STAMPEDE shows docetaxel benefit regardless of metastatic burden
medwireNews: Men with metastatic hormone-naïve prostate cancer (mHNPC) have improved outcomes with the addition of docetaxel to androgen deprivation therapy (ADT) irrespective of whether they have high or low burden of disease, indicates an analysis of the STAMPEDE trial.
Presenting the findings at the ESMO Congress 2019 in Barcelona, Spain, study author Nicholas James (University of Birmingham, UK) said the combination “should now be considered as a first-line option alongside [androgen receptor]-targeting agents for all de novo mHNPC patients regardless of stratification for disease burden.”
He reported on a stratified subgroup analysis of the multi-arm trial, which has previously shown a survival gain when patients initiating long-term ADT are additionally given docetaxel.
Axel Merseburger takes us through his top picks of the genitourinary cancer research reported at the ESMO Congress 2019, including updates on the STAMPEDE trial (5:33):
The current analysis used data on 272 patients treated with docetaxel plus ADT and 558 men given ADT alone for whom bone scans were available; stratification into low and high disease burden groups was based on the criteria used in the CHAARTED trial.
Failure-free survival (FFS) and overall survival (OS) results for all patients, obtained after a median follow-up of 78.2 months, showed that the improvement afforded by docetaxel was maintained with longer follow-up.
Importantly, there was “no evidence that the beneficial effect varies by metastatic burden,” said James, with a nonsignificant p value for interaction between treatment and disease burden for OS.
In fact, the addition of docetaxel was associated with an absolute increase in 5-year OS rates of 15 percentage points in the low burden group, at 72% versus 57% for ADT alone, and of 10 percentage points in the high burden group, at 34% versus 24%.

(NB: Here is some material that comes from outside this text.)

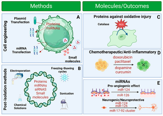 Engineering strategies for modifying EV content. Cellular engineering techniques can regulate EVs, including altering primitive cells or directly loading them via various post-isolation methods. (A) Cell engineering uses genetic manipulation techniques, such as plasmid transfection or enriching cells with miRNAs or small compounds, to load a parent cell indirectly. (B) Electroporation, sonication, freeze–thaw cycles, and chemical agents modulate isolated EVs post-isolation. Therapeutic substances and loading efficiency determine the optimum EV modulation strategy. EVs cargo manipulation can treat stroke by acting on cargo type. (C) Proteins. (D) Small molecules. (E) miRNAs. Created with BioRender.com (https://app.biorender.com/illustrations/647dfe244f0c62bb59ac8cb8, accessed: 6 June 2023).

The results were similar for other outcome measures, such as FFS, progression-free survival, and prostate cancer-specific survival.
Describing the between-group differences as “highly robust,” James stated: “We have got a very convincing dataset that shows docetaxel improves survival in all patients.”
He added that to not give upfront docetaxel to men with a low disease burden if there is no other option “to my mind is a very big mistake.”
James also highlighted the discordance between these findings and those from the CHAARTED and GETUG-AFU-15 trials also investigating the docetaxel–ADT combination in the mHNPC setting, but which did show a difference by disease burden.
He suggested that these dissimilarities “may relate to high proportions of relapsed patients in low metastatic burden groups” in the CHAARTED and GETUG studies, while the STAMPEDE analysis primarily comprised (about 95%) patients with de novo metastatic disease.
These data also appear in the Annals of Oncology.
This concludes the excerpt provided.